Un hiver rigoureux pourrait obliger l’Europe à rationner le gaz, prévient le leader mondial de l’énergie

Fatih Birol, directeur exécutif de l’Agence internationale de l’énergie, a déclaré mardi qu’il avertissait les dirigeants européens de créer des plans de secours au cas où les rigueurs de l’hiver obligeraient les pays à conserver le gaz naturel.

“Je crains de ne pouvoir exclure le risque cet hiver que nous soyons confrontés à un rationnement du gaz”, a déclaré M. Birol lors d’une interview au Forum économique mondial, le rassemblement annuel des chefs d’entreprise mondiaux à Davos. “Je conseille à plusieurs gouvernements européens de préparer un plan d’urgence.”

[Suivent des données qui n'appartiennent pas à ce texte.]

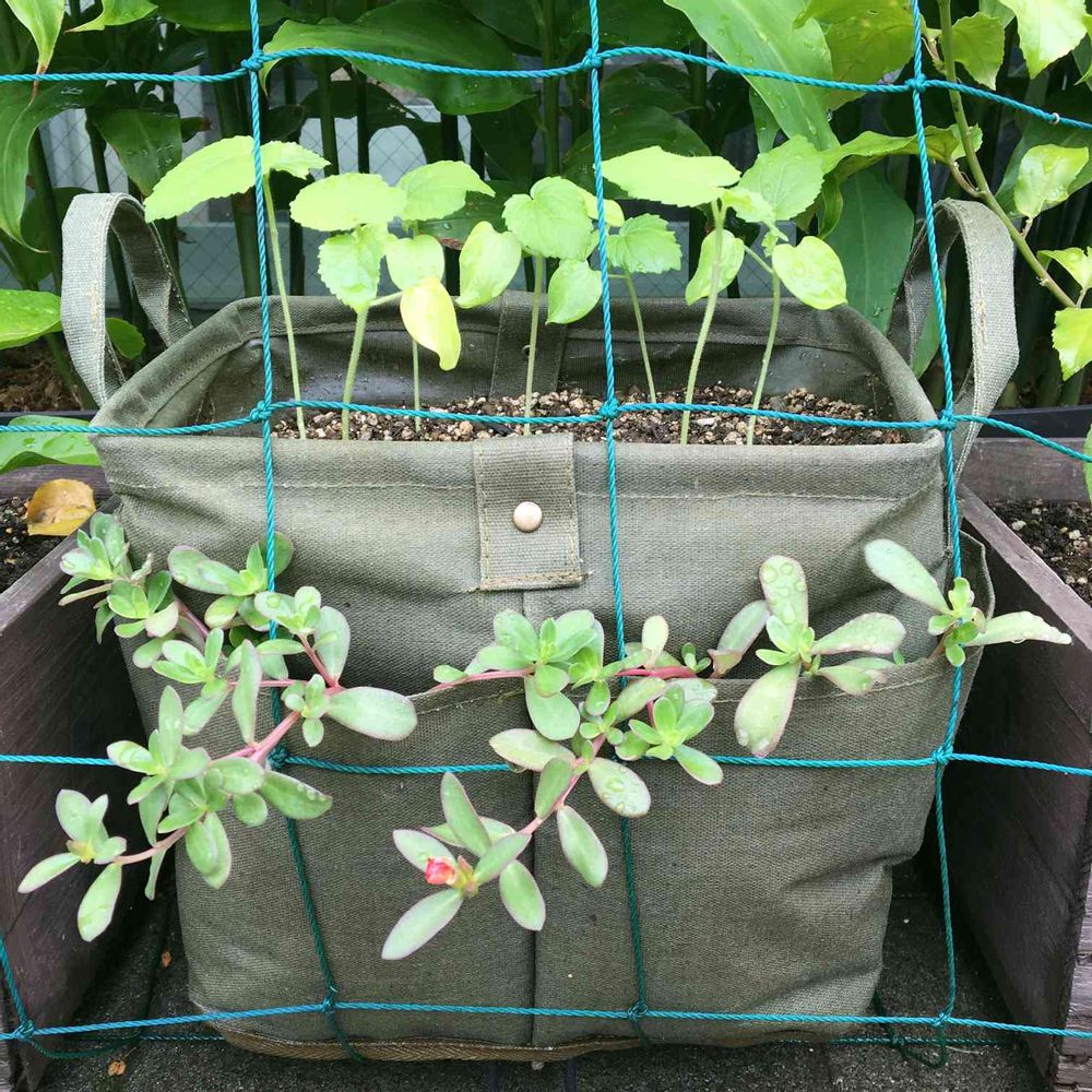 オクラの苗をダイソーの300円収納バスケットに植えました🌱防水加工してあるので底穴空けても丈夫そう👌オクラは深町先生の仰る通りに密植😊手前のポケットにポーチュラカの挿し芽苗も植えてみました😉
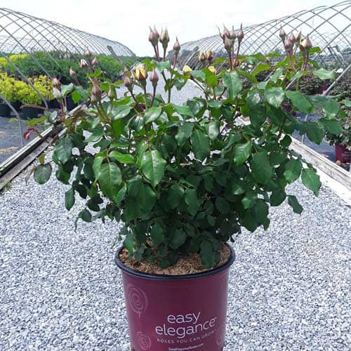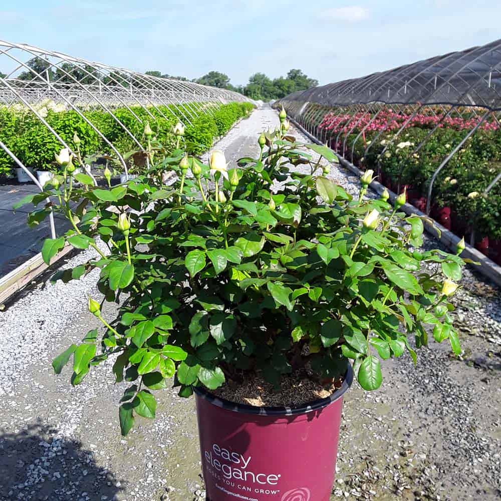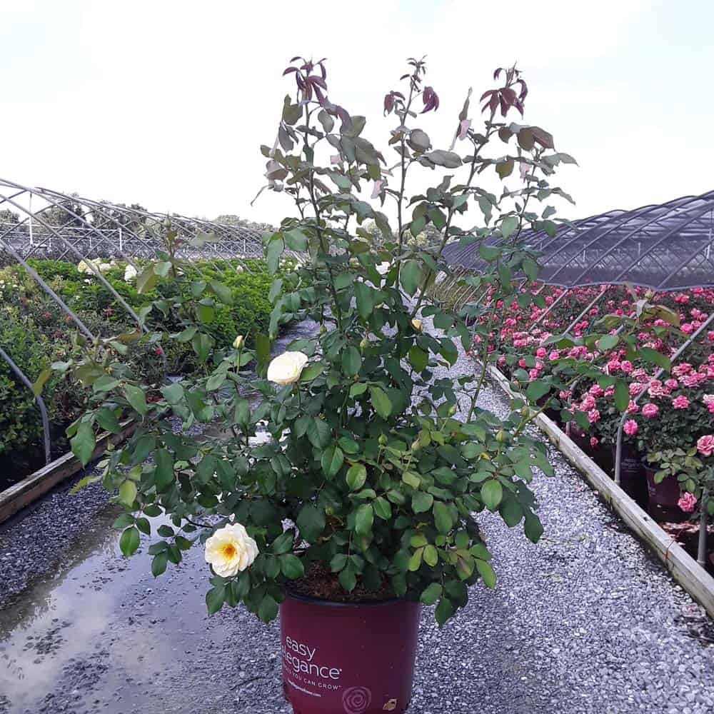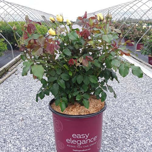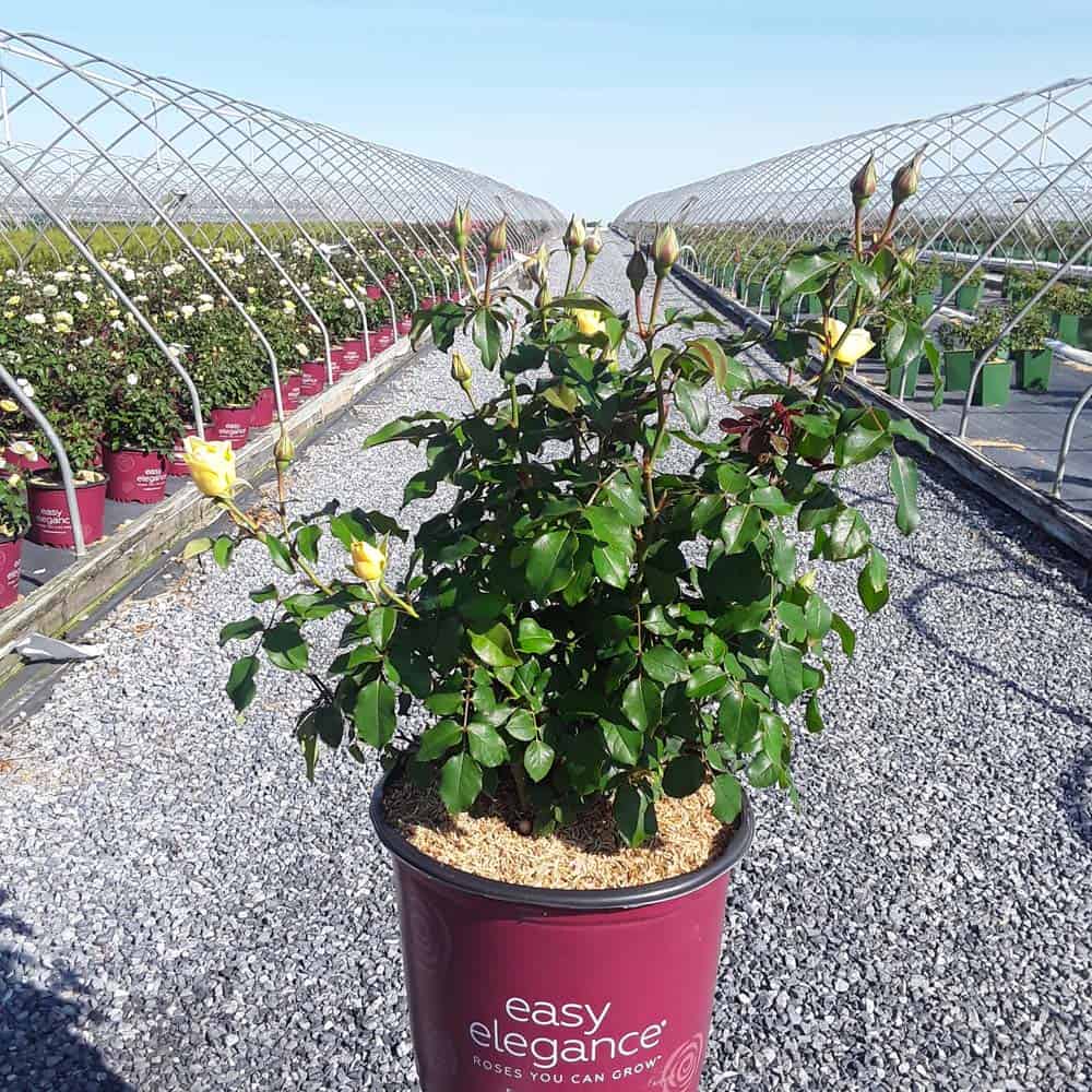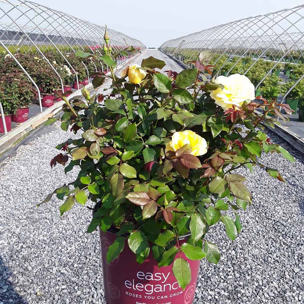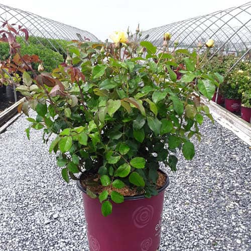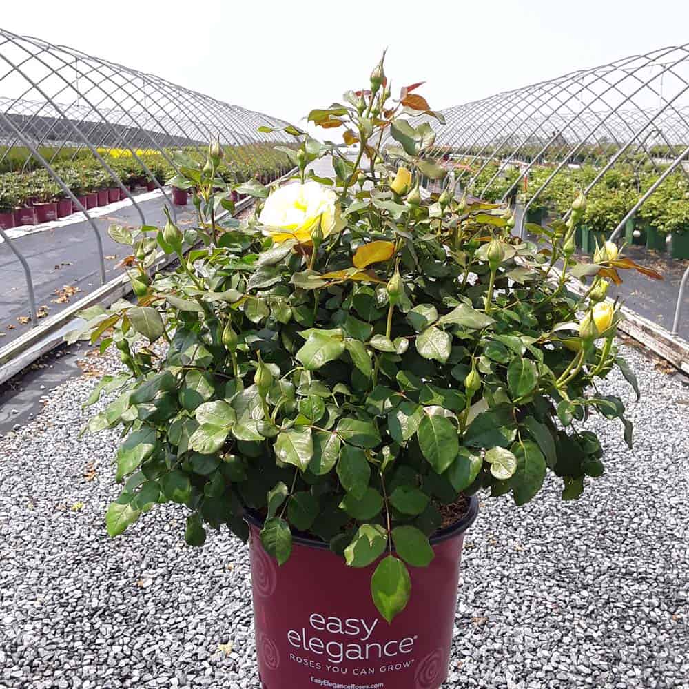 A bright, beaming Easy Elegance® selection with sunshine yellow double flowers that change with maturity to soothing lemon shades. Flowering recurrently on strong, upright stems from early summer to frost, this hardy, low maintenance, easy to grow variety has glossy, green foliage with excellent disease resistance. [Rosa]

Avant l’invasion de l’Ukraine, la Russie fournissait près de 40 % de l’approvisionnement en gaz de l’Union européenne et 55 % de celui de l’Allemagne. “L’Europe paie pour sa dépendance excessive vis-à-vis de l’énergie russe”, a déclaré M. Birol.

Le projet de l’Union européenne de déclarer un embargo sur le pétrole russe, qui est le troisième producteur mondial de brut, s’est heurté à une vive résistance de la part du Premier ministre hongrois Viktor Orban. Un embargo sur le gaz a jusqu’à présent été retiré de la table.

Les dirigeants allemands, en particulier, ont averti qu’une coupure immédiate du gaz catapulterait l’économie de leur pays – la plus grande d’Europe – dans une récession.

Un embargo sur le gaz obligerait certains sites industriels à fermer, a déclaré lundi Robert Habeck, vice-chancelier et ministre de l’Economie allemand.

“Nous devons toujours nous demander si les mesures que nous prenons font plus de mal à Poutine ou à nous-mêmes”, a-t-il déclaré. “S’il y a une récession mondiale ou une récession en Allemagne, qui aidera alors l’Ukraine?”

Un hiver doux en Europe réduirait la demande mondiale de gaz, tout comme la poursuite des blocages liés à Covid en Chine, qui est le plus grand consommateur de gaz au monde.

M. Birol a exhorté les dirigeants à intensifier leurs efforts pour promouvoir la conservation de l’énergie. Des mesures simples telles que baisser les thermostats de quelques degrés permettraient d’économiser une quantité importante de gaz, tout comme la rénovation des bâtiments pour les rendre plus éconergétiques, a-t-il ajouté.

Frans Timmermans, un responsable de la Commission européenne à la tête des initiatives d’énergie verte, a fait écho à ces sentiments mardi lors d’un panel sur l’énergie à Davos.

Étant donné qu’on ne peut plus compter sur la Russie pour fournir des combustibles fossiles, a déclaré M. Timmermans, “nous devons faire beaucoup mieux en matière d’économies d’énergie”.

Matina Stevis-Gridneff et Somini Sengupta reportage contribué.